What you should do
Set down, exactly and only, everything from the line containing "This elegant 4-piece" down to the line containing "驾驶室顶部则布置着3个大容积" in the data below; the pictures are not part of the copy.

Records supplied

******

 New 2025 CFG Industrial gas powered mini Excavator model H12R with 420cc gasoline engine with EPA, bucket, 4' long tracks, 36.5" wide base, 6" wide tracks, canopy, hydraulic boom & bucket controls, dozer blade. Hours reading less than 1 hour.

******

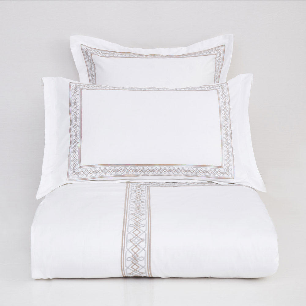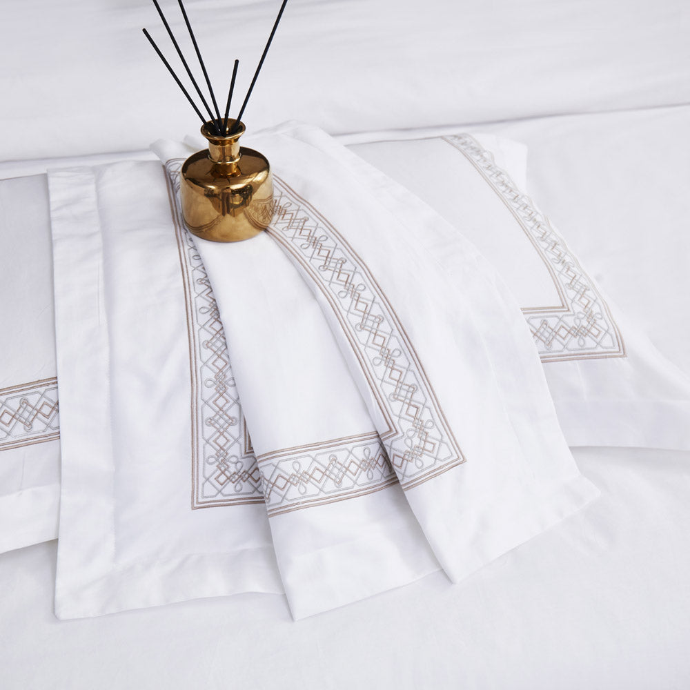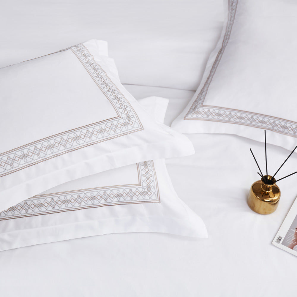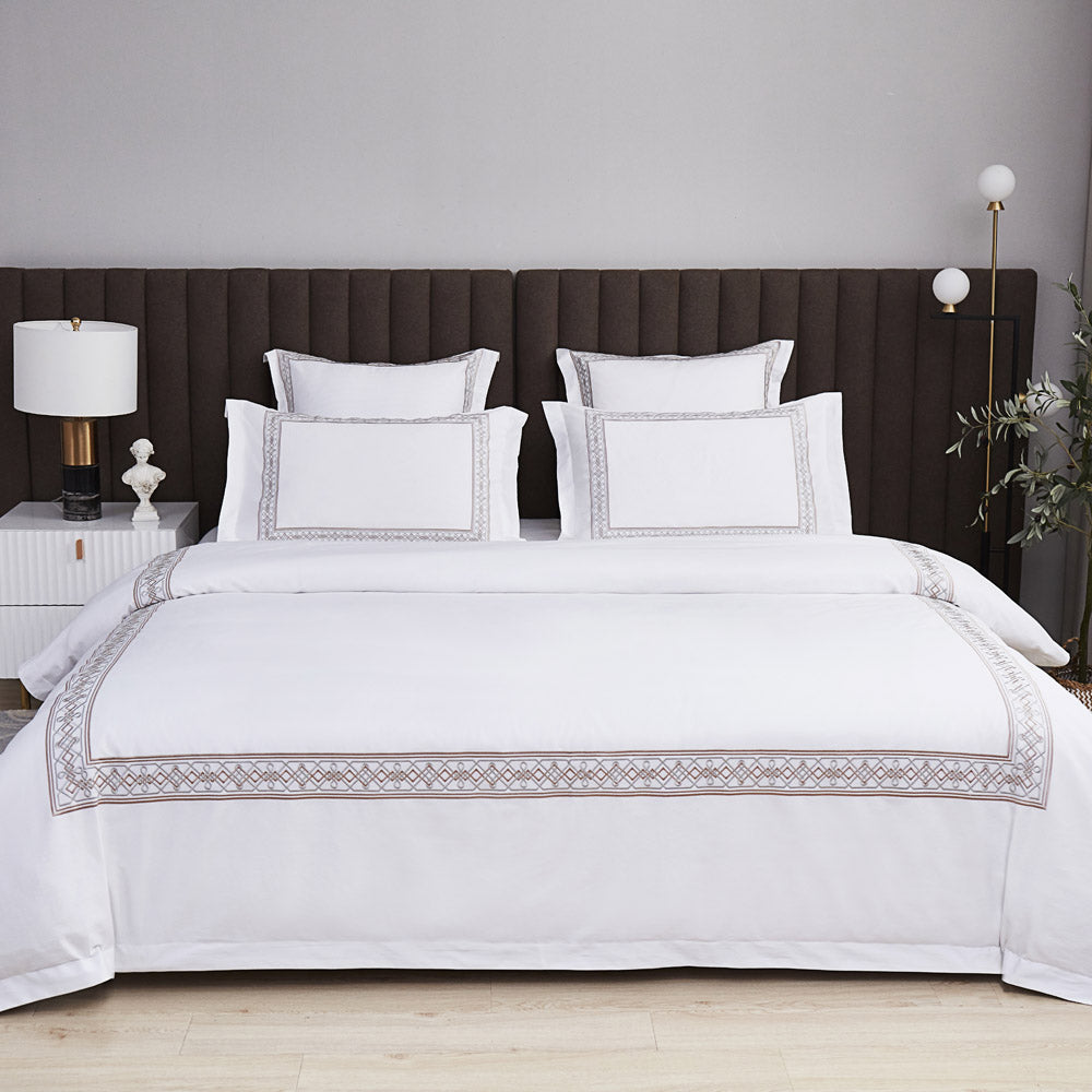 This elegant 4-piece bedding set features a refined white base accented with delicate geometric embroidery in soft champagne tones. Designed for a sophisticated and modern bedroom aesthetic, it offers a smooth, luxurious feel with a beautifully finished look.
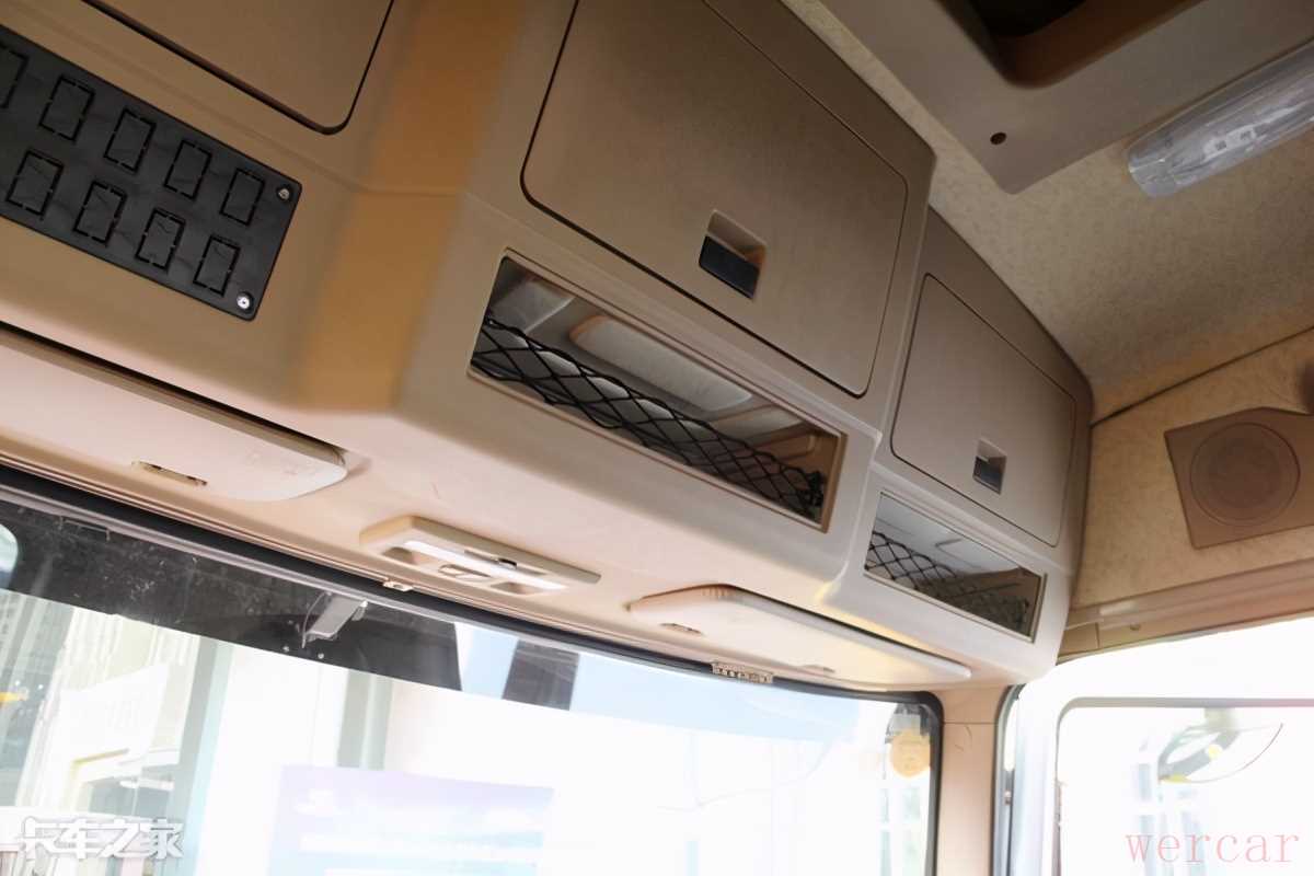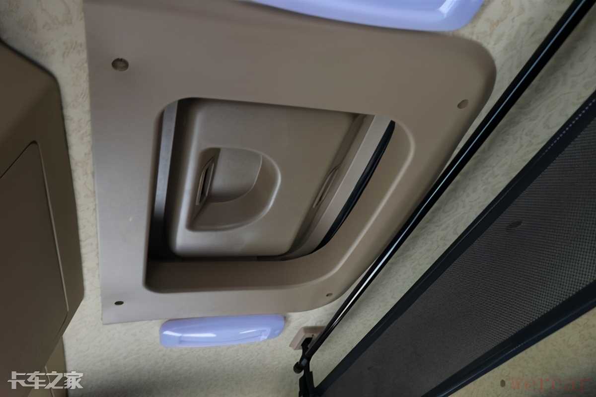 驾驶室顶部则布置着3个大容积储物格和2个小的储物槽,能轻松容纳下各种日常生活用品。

******

Written response
 This elegant 4-piece bedding set features a refined white base accented with delicate geometric embroidery in soft champagne tones. Designed for a sophisticated and modern bedroom aesthetic, it offers a smooth, luxurious feel with a beautifully finished look.
 驾驶室顶部则布置着3个大容积储物格和2个小的储物槽,能轻松容纳下各种日常生活用品。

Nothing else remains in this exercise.